Василий Иваныч брезгливо отстранился.

– Вот и вы туда же, батюшка… Видно, последние времена живём…

– Две тыщи лет последние времена идут!.. И никто не знает, сколько это ещё будет продолжаться. Ад бездонен, но какое-то дно всё же имеет. Живая мёртвая мысль когда-нибудь наполнит его до краёв…

Василий Иваныч посмотрел стеклянными глазами на икону Спасителя, медленно опустился на колени, и поп накрыл его голову епитрахилью:

– …и аз, недостойный иерей… прощаю и разрешаю…

Спаситель на большой иконе у Царских врат, казалось, смотрел куда-то мимо них, куда-то в сторону выхода.

Магазинчик «Кристина» на площади закрыла высокая интеллигентная дама, и растопыренная девка в купальнике на его витрине погасла.


* * *


После майских праздников в безымянный парк на краю большого города занесло актив молодёжного крыла известной демократической партии. Попивая «Black Russian», «Amore» и «Ягуар», пятеро молодых людей и четыре девушки оказались в самой его глубине, там, где на берегу заросшего камышами озерца стояла старая деревянная лавочка.

Молодёжь возглавлял юркий мужичок в пиджачке, галстучке и с дорогим фотоаппаратом на шее.

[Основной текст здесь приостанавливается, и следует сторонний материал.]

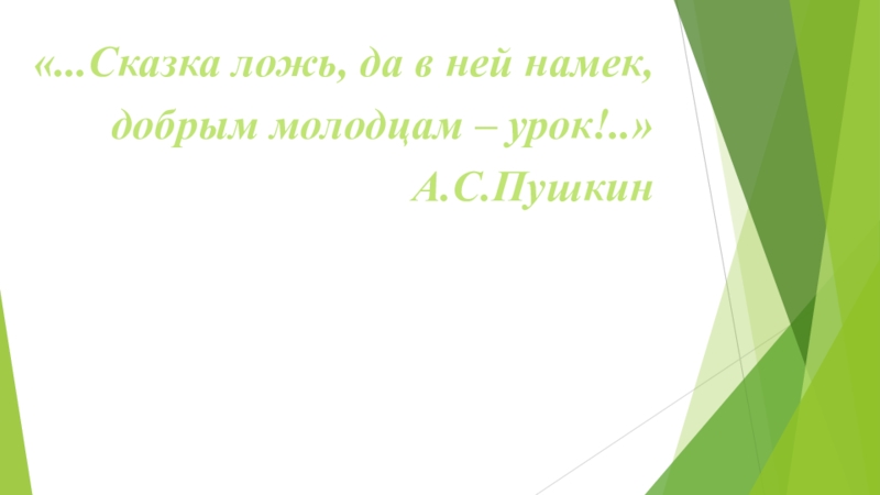 «...Сказка ложь, да в ней намек,добрым молодцам – урок!..»А.С.Пушкин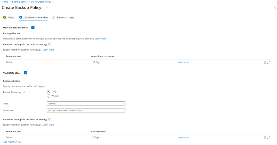 在“计划 + 保留”选项卡上,输入数据存储的“备份详细信息”、计划和这些数据存储的保留(如果适用)。

– Мы уже больше года не проводили ярких, запоминающихся акций! – в запале махал он руками. – Это не дело, ребята! Надо что-то придумать!.. Макс, с тебя идея! В обществе много проблем помимо коррупции, революции, безработицы и роста цен. Например, бездомные животные, домашние животные, вымирающие животные, истребляемые животные, убиваемые животные, убивающие животные, плевать!.. Короче, животные, от которых общество обоссалось бы кипятком от жалости или злости, от чего угодно. Помните историю с бельками? Про них уже обоссались и забыли. Это жалость!.. Найдите теперь каких-нибудь чернышей. Или псину, раздирающую младенца!.. Об этом люди не забывают. Пусть люди обоссутся злостью и праведным негодованием!.. Иначе они о вас позабудут, как будто вас и не было никогда! И тогда хрен вам от партии, а не бабки!.. Слышишь, Макс?!

Макс, долговязый парень с длинными волосами, убранными в хвост, нахмурился и отхлебнул немного «Ягуара».

– Давайте, – продолжал юркий мужичок, – собирайтесь сегодня всей компанией у Яночки и думайте!.. И не надо, пожалуйста, никаких скучных и пустых нравоучений, как в прошлый раз! Это должно быть живо, современно, пронизывающе до глубины души, провокационно, если хотите, шокирующе, если хотите, но не бездарно!.. Включите мозги!.. Включите талант!.. Камеру включите! Чего она у нас в офисе без толку валяется? Поснимайте бедных животных, потом на сайте выложим. Сделайте хоть что-нибудь! Включите сердце, наконец!.. Кстати, Яночка, сердце моё, давай, я тебя сфоткаю на той лавочке на фоне озера? Красиво же!..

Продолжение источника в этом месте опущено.